Le CLIN  est composé des médecins, des cadres soignants et techniques, de l’infirmière hygiéniste et du gestionnaire de risques. Il traite des questions ayant trait à l’hygiène et aux infections nosocomiales Pour ce faire, il procède à la rédaction de protocoles, au  suivi des indicateurs d’hygiène, à  divers audits (tri du linge, élimination des déchets, température de l’eau, consommation d’antibiotiques…) organise la journée de sensibilisation au lavage des mains…

Il travaille en lien étroit avec l’équipe opérationnelle d’hygiène, composé du médecin responsable de l’hygiène, de l’infirmière hygiéniste et du cadre supérieur de santé.

Le Comité de Liaison Alimentation Nutrition (CLAN)

Il regroupe les médecins, un cadre soignant, la diététicienne et le responsable de la cuisine. Son rôle est de rechercher la meilleure prise en charge nutritionnelle des patients, de garantir le respect de l’hygiène alimentaire,  de mesurer la satisfaction des usagers par des enquêtes et de sensibiliser tous les professionnels  concernés par l’alimentation en vue d’améliorer la prise en charge nutritionnelle.

Le comité du médicament et des dispositifs médicaux (COMEDIMS)

La commission des usagers (CDU)

Elle a pour mission :

  • De veiller au respect des droits des usagers. Pour ce faire, elle a connaissance de l’ensemble des plaintes et réclamations adressées à l’établissement, et des réponses qui leur sont apportées.
  • De formuler des avis et propositions visant à améliorer la politique d’accueil et de prise en charge des malades et de leurs proches. A cet effet, lui sont communiqués les résultats des enquêtes de satisfaction, les demandes de communication de dossiers médicaux et les délais de réponse, la synthèse des plaintes et réclamations.
  • De rédiger un rapport annuel, transmis au conseil d’Administration, évaluant les pratiques de l’établissement en matière de droit des usagers et de qualité de l’accueil et de la prise en charge.

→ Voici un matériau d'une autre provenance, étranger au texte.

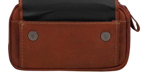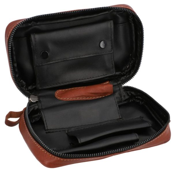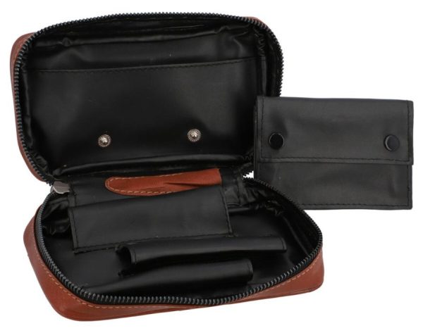 Pfeifentasche für 3 Pfeifen extra Tabakfach Innenstoff aus Naturkautschuk Pfeifenbeutel Braun Leder
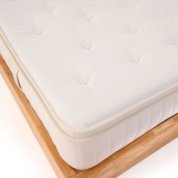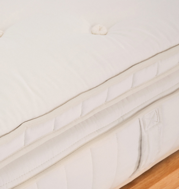 Each mattress is assembled by hand in our Niles, IL factory using premium pocket springs, organically sourced fair-trade latex foam, and natural organic fibers. The mattress is hand-tufted with up to 64 wool rosettes that lock the layers together and create cohesive comfort. Both sides are finished the same, giving you two identical sleeping surfaces you can flip for long-lasting, even comfort.
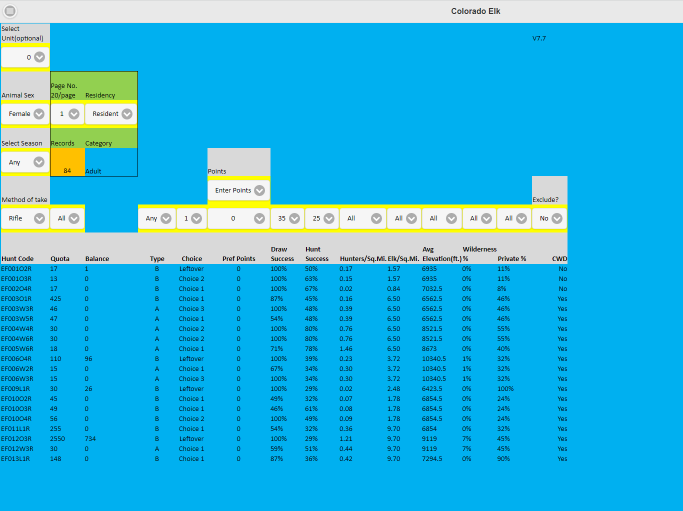 Easy selection of filtering criteria based upon pull down menus.Over 20 selection criteria available to fine tune your application to your preferences.Current Draw Results data and Harvest data. Will update tool as new data become available (PWA).Hunt Codes for Colorado ElkBased upon Colorado Department of Wildlife Big Game Statistics.
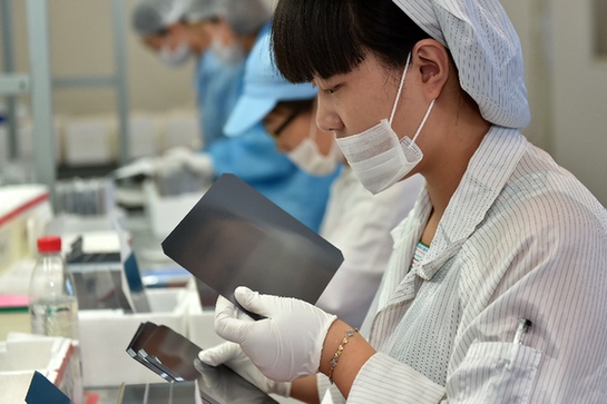 潞安集團(tuán)太陽能科技有限責(zé)任公司的工人在對(duì)硅片外觀進(jìn)行檢測(cè)。記者 曹陽 攝
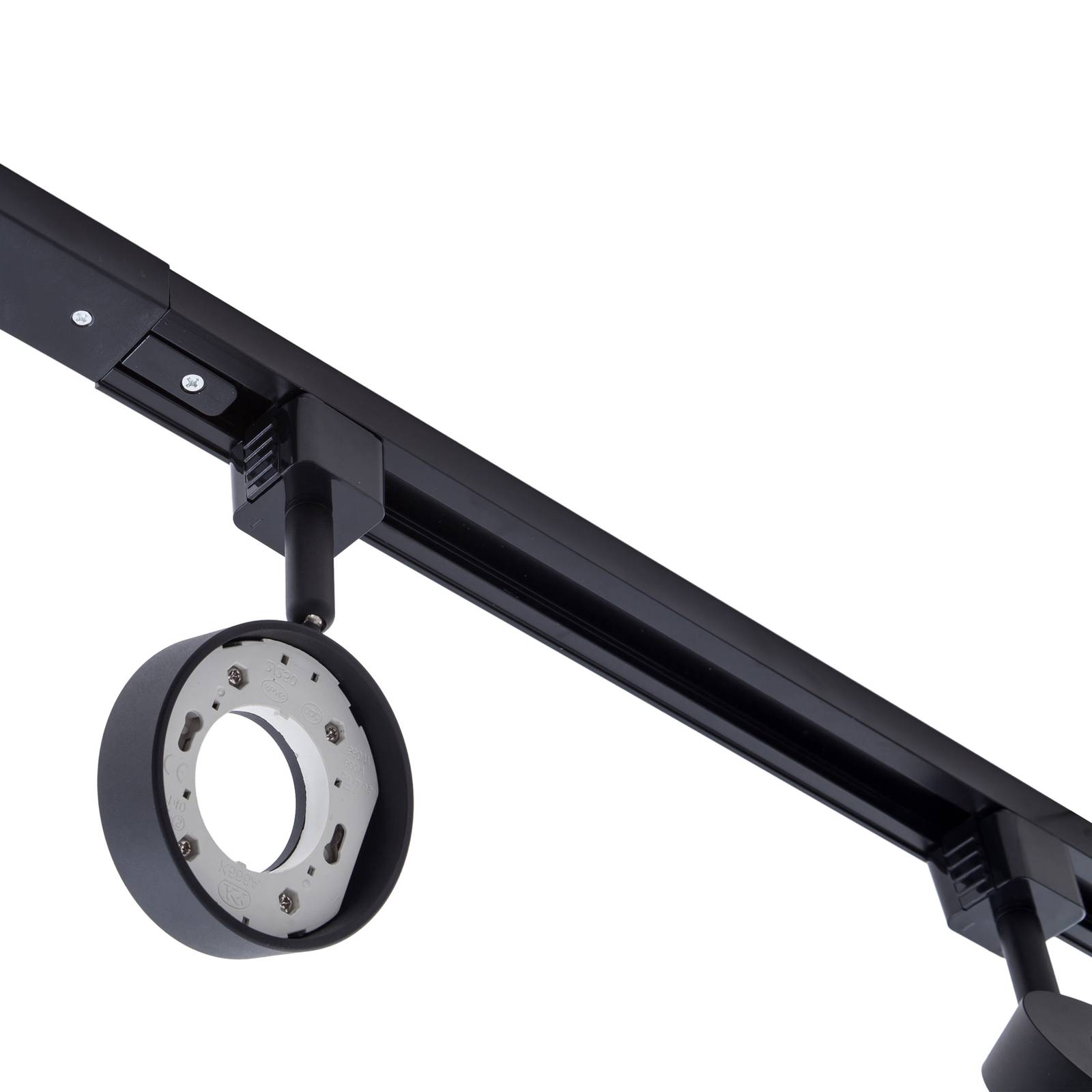 Sistema di binari neri a circuito singolo Jardani con faretti mobili Jardani è un moderno sistema di binari a circuito singolo ed è realizzato in alluminio. Ha una superficie nera ed è composto da tre faretti e un binario. I faretti possono essere dotati di sorgenti luminose GX53 e consentono una libera scelta del colore di luce, perfettamente adattabile alle esigenze personali. Inoltre, i faretti possono essere ruotati di 350° e inclinati di 90°, in modo da orientare il fascio di luce a seconda delle esigenze. Jardani è ideale per l'illuminazione di spazi commerciali.
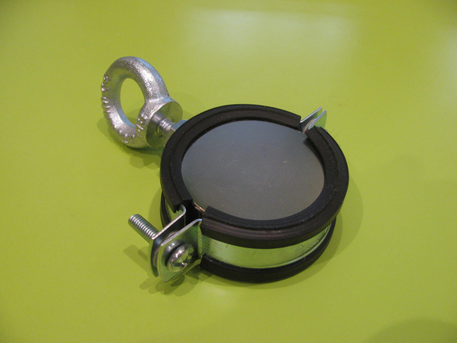 Одним з альтернатив, може бути магніт диск, який ми спостерігаємо на світлині. Магніт шайба 50х20мм, затиснутий двома сантехнічними хомутами. В цьому варіанті є як прив'язати мотузку і зберігаються властивості відкритого магнітного поля, що діють на значно більшу відстань, ніж у пошукових магнітів. Хоча сам металевий хомут частково і запобігає цьому. Також хомут може брати на себе удар, захищаючи таким чином сам магніт.
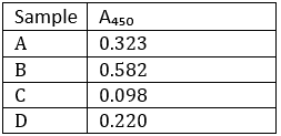 Thus, absorbance is inversely proportional to exotoxin concentration (contamination):
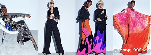大量的使用印花元素在紧身的连衣裙和西装外套上。高饱和度、明亮的颜色,深v性感的剪裁,柔软亲肤的面料。表达了对自由时期舒适生活的向往。
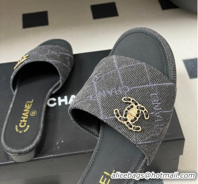 Best Grade Chanel Quilted Cotton Flat Slides Sandal CH030902 Black 2026
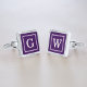 Dark Purple Framed Monogram Silver Cufflinks
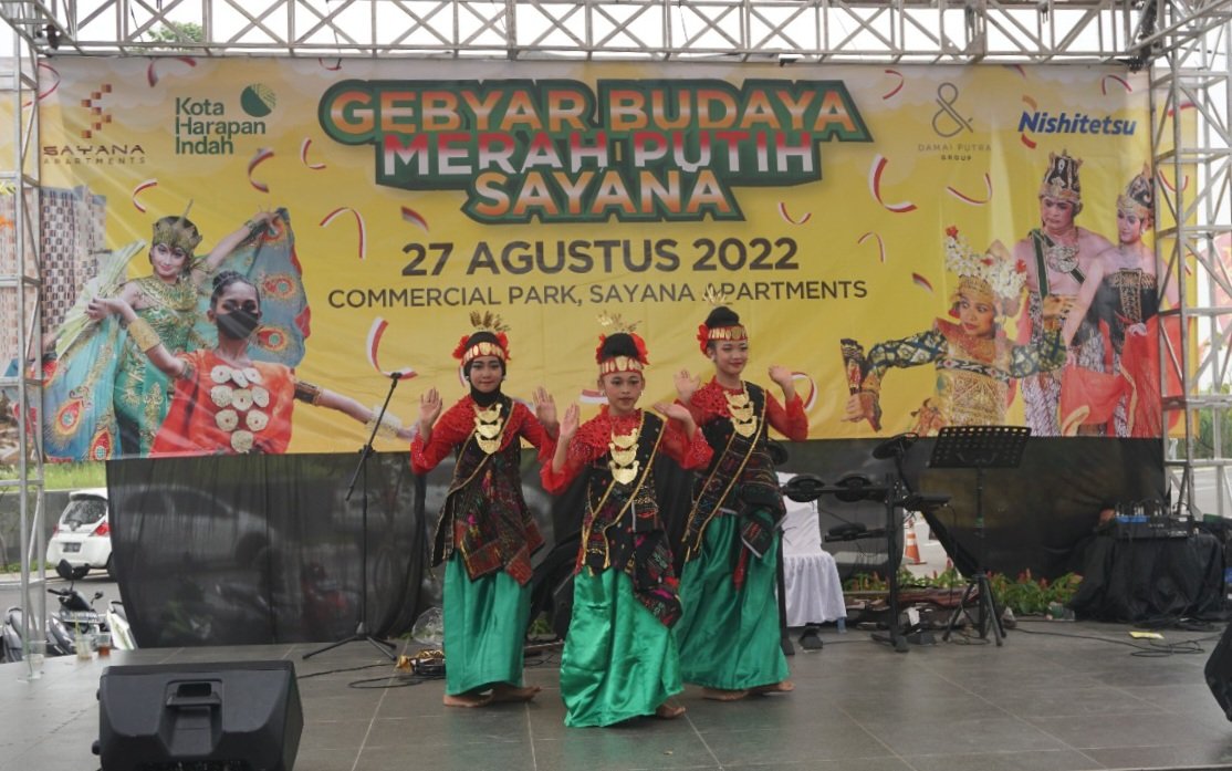 Kegiatan selanjutnya adalah Sayana Apartments Gebyar Budaya Merah Putih yang diselenggarakan pada tanggal 27 Agustus 2022 berlokasi di Commercial Park Sayana Apartments Kota Harapan Indah. Acara ini dimeriahkan oleh Festival Tari Budaya Nusantara, Parade Seni Budaya Nusantara, Bazar UMKM makanan/minuman tradisional dan Live Akustik. Festival tari budaya dari seluruh nusantara didukung oleh beberapa seniman lokal yaitu Sanggar Kesambet, Sanggar Tari Chika, Sanggar Tari Maulina dan Sanggar Tari Melati Art serta beberapa komunitas lokal antara lain Ketua Pawang Hujan Bekasi, Komunitas Wara-Wiri, Komunitas Saung Music dan Komunitas Reptil. “Hal ini sejalan dengan komitmen Damai Putra Group untuk terus menggandeng seniman dan komunitas lokal yang ada di sekitar kawasan yang dikembangkan sebagai salah satu bagian dari kegiatan CSR Damai Putra Peduli” ujar Monique Hardjoko selaku GM Corporate Marketing Product Communications Damai Putra Group.
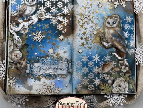 Zum schluss habe ich noch etwas Mumienbinde und einen spruch aufgeklebt. Um aber noch ein paar alzente zu setzten habe ich noch mit Glossy Acsents und mit schimmer gearbeitet 🙂
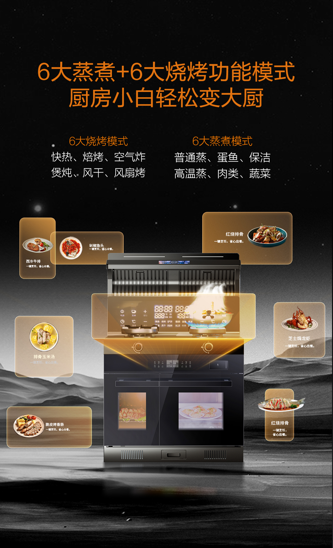 6大蒸煮模式+6大燒烤模式,內置菜譜,一鍵直達,美味可以更簡單。
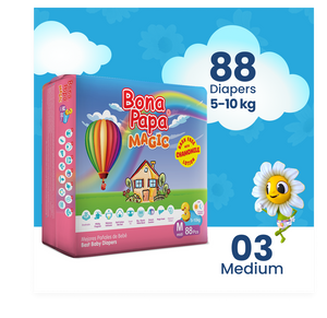 Bona Papa Magic Diapers - M-3 (Midi) 5-10kg Economy Pack 44 Pcs
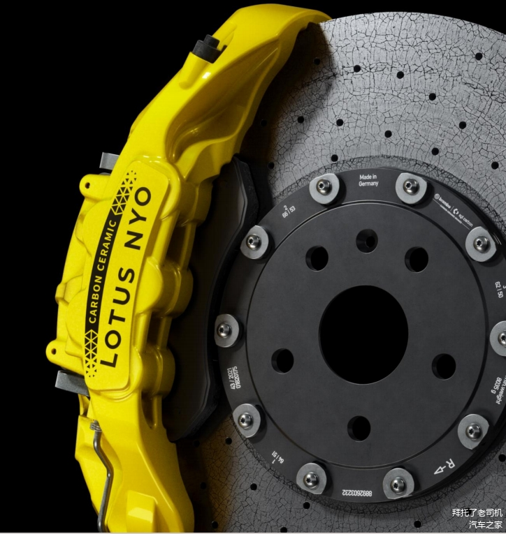 不止跑得快,还要刹得住。路特斯EMEYA使用了10活塞碳陶瓷复合制动盘,100km/h-0的制动距离小于33米。同时,碳陶瓷制动盘重量更轻,耐高温能力更强,强化了制动系统的性能,带来更出色的制动表现。
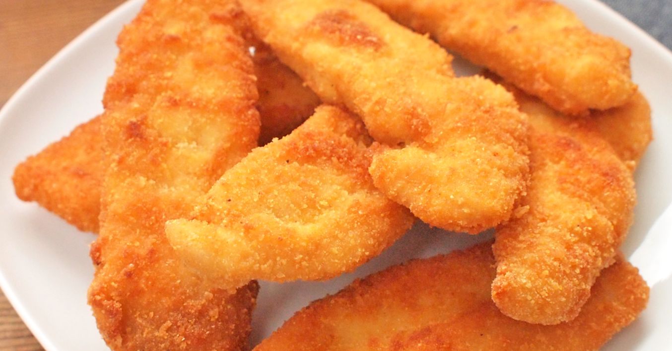 Kuřecí prsa očistíme a osušíme. Příčně je nakrájíme na několik silnějších proužků, které rozložíme na pracovní desku a přeložíme fólií. Naklepeme a osolíme.
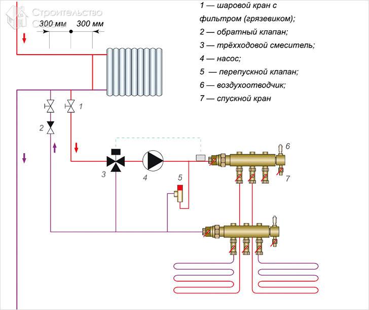 Foto 1. Diagramm zum Anschluss eines wasserbeheizten Fußbodens an das Heizsystem mittels vertikaler Verkabelung.
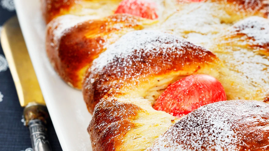 Lihavõttesai. | foto: Juta KübarseppSelles saias on mitmeid eksootilisi maitseaineid: mahlepit ja mastiksipistaatsiat, aga maitsva saia saab ka nendeta. Saia keskele pannakse punaseks värvitud munad, mis sümboliseerivad Jeesuse verd.
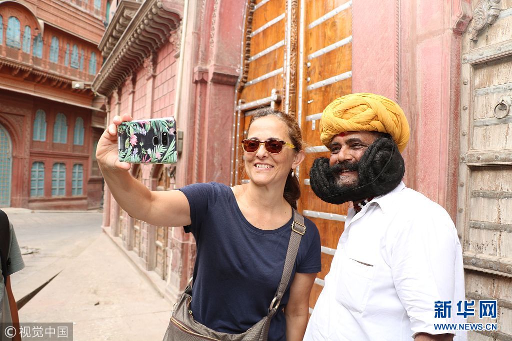 当地时间2018年8月4日,印度拉贾斯坦邦比卡内尔,拥有世界最长的胡子的印度人Girdhar Vyas与游客们合影。Girdhar Vyas从1985年开始蓄须,长达22英尺(约6.7米),打理起来也特别费劲,每天大概要花上3小时梳理抹油。(图片来源:视觉中国)
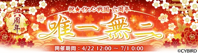 『イケメン戦国◆時をかける恋』は、6月22日(火)にリリース六周年を迎えるのを記念し、「唯一無二」をテーマに様々なキャンペーンを実施します。この「唯一無二」というテーマには、全17武将たちがそれぞれに持つ「唯一無二」の魅力を余すところなくお伝えしたい、そして、『イケメン戦国◆時をかける恋』があなたにとっての「唯一無二」でありたいという想いを込めています。
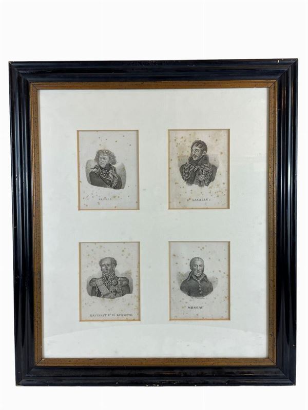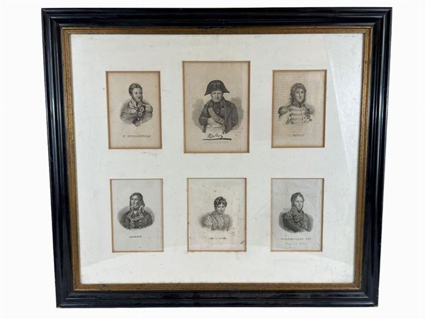 Insieme di 14 multipli su carta, in tre raccolte, con cornice nera evanizzata, rappresentanti Napoleone I e personaggi a lui contemporanei.
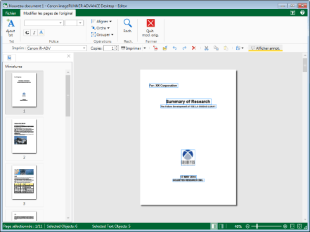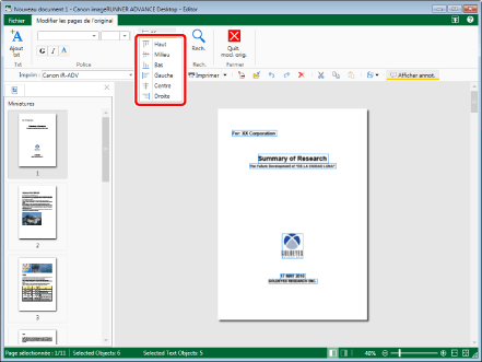 Si l'utilisateur sélectionne un objet dans la Fenêtre de travail, le nombre total d'objets sélectionnés et le nombre d'objets texte s'affichent sur la barre d'état.
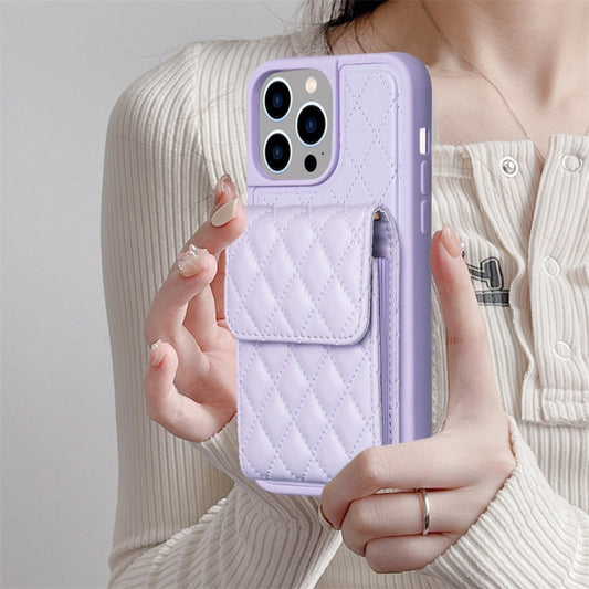 For iPhone 14 Pro Max Vertical Wallet Rhombic Leather Phone Case(Purple)Regular price $19.00 USDRegular priceUnit price per-
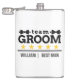 Celebre el estilo del fiesta del novio con este matraz personalizado "Team Groom", que presenta un diseño elegante con acentos de bowtie, estrellas de oro y un nombre personalizado para el mejor hombre o padrino. Perfecto para fiestas de soltero, celebraciones del día de la boda, y como un regalo memorable de honor, este matraz es a la vez elegante y práctico. ¡Un accesorio imprescindible para el escuadrón del novio!

Elle est composée de représentants de la direction, du corps médical et soignant et de 4 représentants des usagers désignés par l’ARS parmi les associations représentatives.

Le Comité de Lutte contre la Douleur (CLUD)

Il a pour mission de développer une « culture douleur » dans l’établissement, en recherchant l’amélioration de la prise en charge de la douleur, la formation des personnels dans ce domaine, la rédaction de protocoles et l’utilisation des outils d’évaluation de la douleur.